I watch him walk out of the coffee shop, pretty sure he’s completely unaware of the girl in the corner.
“You should be careful.” The sultry voice comes from right behind me. She says it so casually, as if we’re friends in midconversation. I turn to face her. Though just as striking, she has a very different look from the other woman. A tiny diamond stud in her nose and great shag haircut makes me think she is some kind of musician, although I can’t help but wonder if this is Sadie. She arranges her messenger bag strap on her shoulder.
I clear my throat. “Hi. Do I know you?”
She smiles and shakes her head as she puts on her aviator sunglasses. “No, but I know exactly how you’re feeling right now. He take you for a ride on his bike yet?”
I blink.
“Yeah. Don’t let those sad eyes fool you. He’s hot. And he can seem like the nicest guy in the world sometimes, but he’ll ghost you sooner or later. He always disappears. Enjoy it while it lasts.” She shrugs, as if what she’s just said is no big deal. “That’s just him. That’s just how it goes.”
And then she disappears out the door, leaving me to my warm chai tea latte and stunned icy silence.
18
Vince
After I had taken Nina home from dinner at my dad’s, I got a text from my dad that said: For fuck sake she’s great. Please don’t fuck things up with this one.
Nice vote of confidence for her, not so much for me.
From my brother: She is literally perfect. If you don’t marry her, I will. Fuck you.
That’s a first from Gabe, who hasn’t dated anyone for longer than two months in his entire horndog life.
Eve hasn’t shut up about Nina since her birthday party.
Charlie’s already asking when she’s coming over again. That doesn’t surprise me. She was so great with him, especially when he fell down. Seeing her with all those baggies full of mom purse stuff spread out over the sidewalk, I had this weird urge to impregnate her.
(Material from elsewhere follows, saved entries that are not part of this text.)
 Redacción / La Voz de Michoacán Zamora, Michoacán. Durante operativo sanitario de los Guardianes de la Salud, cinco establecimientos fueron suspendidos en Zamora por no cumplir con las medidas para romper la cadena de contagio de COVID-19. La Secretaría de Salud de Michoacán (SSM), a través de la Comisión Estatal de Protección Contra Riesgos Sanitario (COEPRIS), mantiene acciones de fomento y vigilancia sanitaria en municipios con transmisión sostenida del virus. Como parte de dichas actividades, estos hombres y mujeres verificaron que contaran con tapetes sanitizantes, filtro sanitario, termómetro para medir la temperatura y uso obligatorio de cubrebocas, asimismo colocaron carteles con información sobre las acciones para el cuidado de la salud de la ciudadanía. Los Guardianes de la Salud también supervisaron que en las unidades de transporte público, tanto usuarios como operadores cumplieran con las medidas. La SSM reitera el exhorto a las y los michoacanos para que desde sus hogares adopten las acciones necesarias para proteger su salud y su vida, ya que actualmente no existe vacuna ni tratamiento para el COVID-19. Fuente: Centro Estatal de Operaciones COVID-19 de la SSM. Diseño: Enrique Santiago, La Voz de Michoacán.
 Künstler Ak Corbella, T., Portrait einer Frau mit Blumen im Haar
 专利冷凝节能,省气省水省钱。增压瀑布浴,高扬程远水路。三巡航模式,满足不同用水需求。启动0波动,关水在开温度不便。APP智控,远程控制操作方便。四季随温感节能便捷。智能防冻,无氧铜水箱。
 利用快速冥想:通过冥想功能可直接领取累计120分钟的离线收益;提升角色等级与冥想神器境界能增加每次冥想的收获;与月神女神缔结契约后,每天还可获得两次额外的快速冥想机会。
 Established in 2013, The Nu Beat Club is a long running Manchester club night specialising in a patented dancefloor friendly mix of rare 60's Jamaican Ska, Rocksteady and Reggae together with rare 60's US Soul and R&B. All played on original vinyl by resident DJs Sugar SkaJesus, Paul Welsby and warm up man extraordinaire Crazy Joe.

That was a first for me.
I probably shouldn’t have taken her to
the garden so soon after dinner with my family. I’ve felt a little off since then, but it’s definitely not Nina’s fault. Nothing’s Nina’s fault. She is perfect. For the first time in my life, I’m wondering if I’m good enough for someone. I’ve never wanted such a good woman before. I’ve never wanted so badly for a good woman to want me. It one hundred percent blows. But I still need to be with her all the time.
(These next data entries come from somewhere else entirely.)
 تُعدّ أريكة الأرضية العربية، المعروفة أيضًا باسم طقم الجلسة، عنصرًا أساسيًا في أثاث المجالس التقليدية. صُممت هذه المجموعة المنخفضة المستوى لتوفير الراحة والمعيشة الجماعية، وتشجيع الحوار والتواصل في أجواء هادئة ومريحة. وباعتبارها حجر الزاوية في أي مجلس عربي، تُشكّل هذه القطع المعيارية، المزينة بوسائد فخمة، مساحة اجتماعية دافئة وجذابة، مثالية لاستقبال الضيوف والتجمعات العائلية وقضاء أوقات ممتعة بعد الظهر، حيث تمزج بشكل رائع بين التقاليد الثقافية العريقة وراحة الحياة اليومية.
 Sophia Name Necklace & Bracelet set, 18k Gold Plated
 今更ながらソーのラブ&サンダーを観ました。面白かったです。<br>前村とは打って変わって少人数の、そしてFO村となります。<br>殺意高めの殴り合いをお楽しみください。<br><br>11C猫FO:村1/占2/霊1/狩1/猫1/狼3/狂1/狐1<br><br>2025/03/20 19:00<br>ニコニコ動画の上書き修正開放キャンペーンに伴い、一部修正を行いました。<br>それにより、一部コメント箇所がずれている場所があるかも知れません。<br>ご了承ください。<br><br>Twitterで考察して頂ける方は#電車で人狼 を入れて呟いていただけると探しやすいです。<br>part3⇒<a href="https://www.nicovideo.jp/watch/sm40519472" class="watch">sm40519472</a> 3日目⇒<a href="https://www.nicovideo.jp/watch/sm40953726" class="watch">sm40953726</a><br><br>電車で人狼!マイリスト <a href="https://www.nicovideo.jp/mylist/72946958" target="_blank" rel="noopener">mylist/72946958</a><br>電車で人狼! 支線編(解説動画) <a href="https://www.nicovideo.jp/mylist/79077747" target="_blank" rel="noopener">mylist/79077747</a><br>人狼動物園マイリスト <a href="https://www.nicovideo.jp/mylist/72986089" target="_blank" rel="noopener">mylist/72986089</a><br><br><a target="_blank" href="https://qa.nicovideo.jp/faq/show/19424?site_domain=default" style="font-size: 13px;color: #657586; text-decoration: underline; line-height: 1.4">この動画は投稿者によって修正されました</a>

I know I’m moving too fast, but I don’t know how else to move. Especially when it comes to her. What we have is still so new, and there are still things she doesn’t know about me. But I’m starting to feel like I could lose her any day now. I thought I could win her over in a summer, but each day that passes just feels like a death march toward September. It’s how I always felt about going back to school, only this is so much more than losing my freedom when school starts. I could lose Nina. She’ll realize how different we are, and our schedules won’t mesh. She’ll be seeing that fucking principal every day, and she’ll remember this is just a rebound.
Fuck. This is why Dr. Glass wanted me to keep up with the sessions and wait to start things up with Nina. All these fucking feelings that used to stay buried, back when I’d fuck and run.
Whatever. I still have another month to get my shit together. A lot can happen in a month.
She doesn’t answer until the third ring, which is weird.
“Hi,” she says, her voice soft.
“Did I wake you up or something?”
“No. Not at all.”
“You sure?”
“Yes.” She clears her throat. “Hi.”
“Hi. Listen, I really hate to bother you with this, but Charlie’s at day camp and his new part-time nanny has some family emergency all of a sudden. She can’t pick him up. Are you busy? I know you said you have work to do, so you can say no. I can try someone else.”
“I can get him,” she says without hesitation. “Of course. Do you want me to take him somewhere or bring him back to my place?”
“Thank you so much. Yeah, take him to your place. I’ll pick you guys up after work, and then we’ll drop him off at Gabe’s and you and I can go to dinner.”